UK workers can continue to choose to work longer than 48 hours a week, after ministers today reached a new agreement in Europe.

The Government believes the landmark agreement on both the Working Time Directive and the Agency Workers’ Directive at the EU Employment Council should satisfy business groups and unions by allowing the UK’s labour market the flexibility to prosper, while ensuring workers are treated fairly.

Business Secretary, John Hutton, said: “This is a very good deal for the UK. It provides a fair deal for workers, without damaging Britain’s economic competitiveness or putting jobs at risk.

“Flexibility has been critical to our ability to create an extra 3 million jobs over the past decade. That flexibility has been preserved by ensuring workers can continue to have choice over their working hours in future years.”

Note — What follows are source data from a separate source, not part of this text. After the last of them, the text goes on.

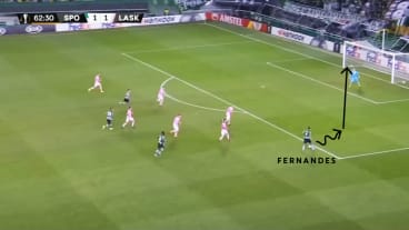 Dabei blickt Fernandes in die Tiefe und nimmt den in die Tiefe startenden Martial wahr. Fernandes spielt einen präzisen und in der Schärfe angemessenen Pass in die Schnittstelle zu Martial, ...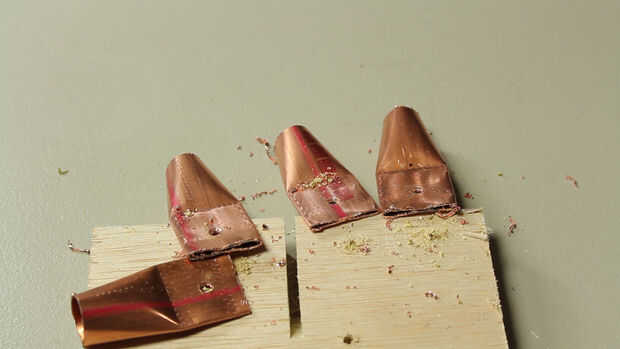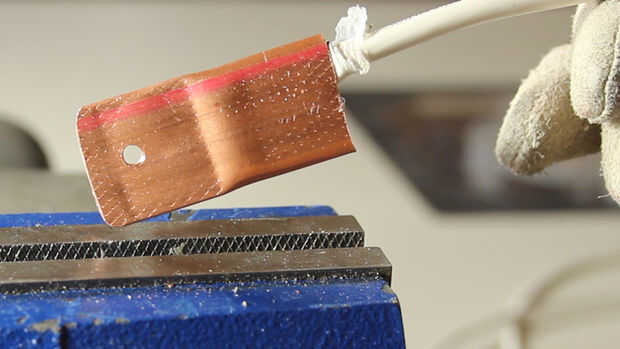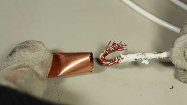 A continuación, había expuesto el cobre en el extremo del cable y había doblada sobre, por lo que encajaría dentro de la parte inferior de la zapata.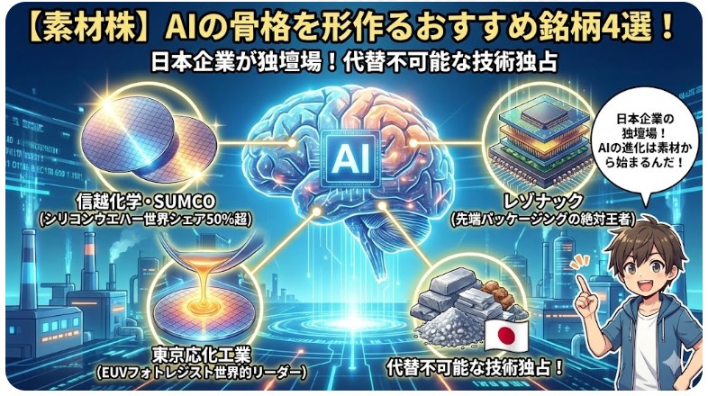 一概には言えませんが、半導体の「設計・GPU」分野では米国株(NVIDIA、AMD)が圧倒的、一方で「装置・素材・電線」分野では日本株が世界トップクラスのシェアを持っています。為替リスクも考慮した上で、両方をバランスよく持つことが理想的です。日本株のみで始めたい場合は、本記事で紹介した日本企業だけでも十分に質の高いポートフォリオを構築できます。

But the TUC last week called for the Government to back proposals to strengthen the Working Time Directive (WTD) to protect employees. The TUC believes that since its implementation in 1998, the WTD has helped to reduce excessive long hours, but owing to the UK’s opt-out progress has been too slow.

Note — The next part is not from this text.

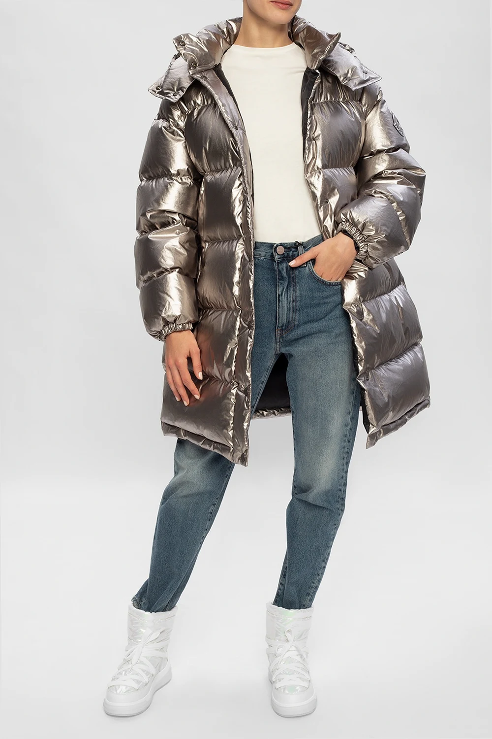 Białe, sznurowane śniegowce, model ‘Insolux’ Moncler. Ozdobione połyskującym materiałem. Ściągane trokami. Biała, gumowa podeszwa.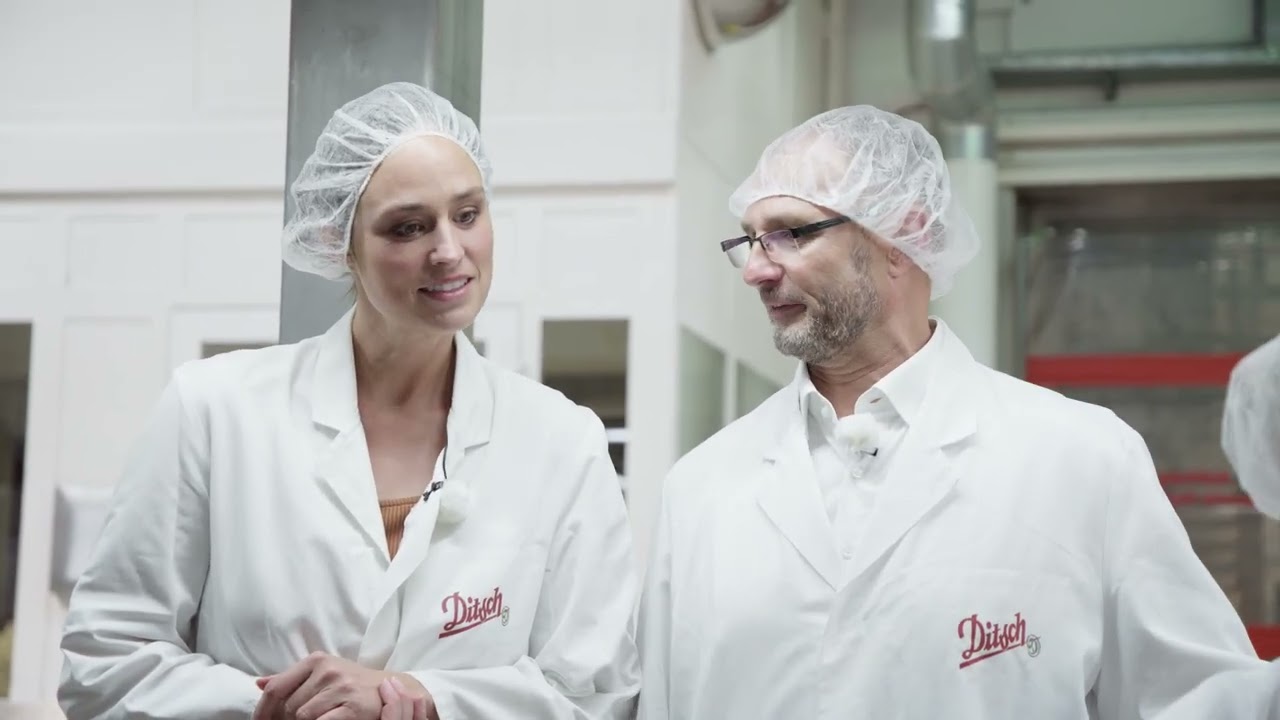 Im Anschluss verlassen wir den Markt und machen uns auf den Weg zur Produktionsstätte von Ditsch. Dort erhalten wir einen exklusiven Blick hinter die Kulissen der industriellen Brezelherstellung. Vom Ansetzen des Teigs über das typische Schlingen der Brezelform bis hin zum Laugenbad und der Schockfrosten, sowie der Verpackung – Werksleiter Georg Christoph führt uns Schritt für Schritt durch den gesamten Prozess.

An extra 180,000 people in the UK — 3.3 million in total — are now working more than 48 hours a week compared with last year, according to analysis contained in a TUC report published last week.

Entitled The return of the long-hours culture, the report found that the number of people working long hours has increased at a faster rate over the last year than the decline in excessive working between 1998 and 2006.

The TUC argues that the recent increase in the number of people working long hours is due to the challenging economic climate, which has made employers more reluctant to recruit new staff and instead work existing employees harder.

In the wake of the report, TUC general secretary Brendan Barber said: “After slow but steady progress over the last decade, long-hours working is making its way back into Britain’s workplaces. Employees across the UK already work the longest hours in Western Europe and the recent increase will mean lower productivity, more stress and less time to have a life outside the office with friends and family.”

The deal on agency workers comes after the CBI and TUC signed a joint declaration last month agreeing to a 12-week qualifying period for agency workers to be given equal treatment in a given job. The framework of rights governing the UK’s labour market include: strong health and safety provisions to protect all workers, the National Minimum Wage, maternity and paternity pay and leave, and 24 days of leave a year.

Added Hutton: “The agreement on agency working will give a fair deal for agency workers and prevent unfair undercutting of permanent staff, while retaining important flexibility for businesses to hire staff for short-term seasonal contracts or key busy times.”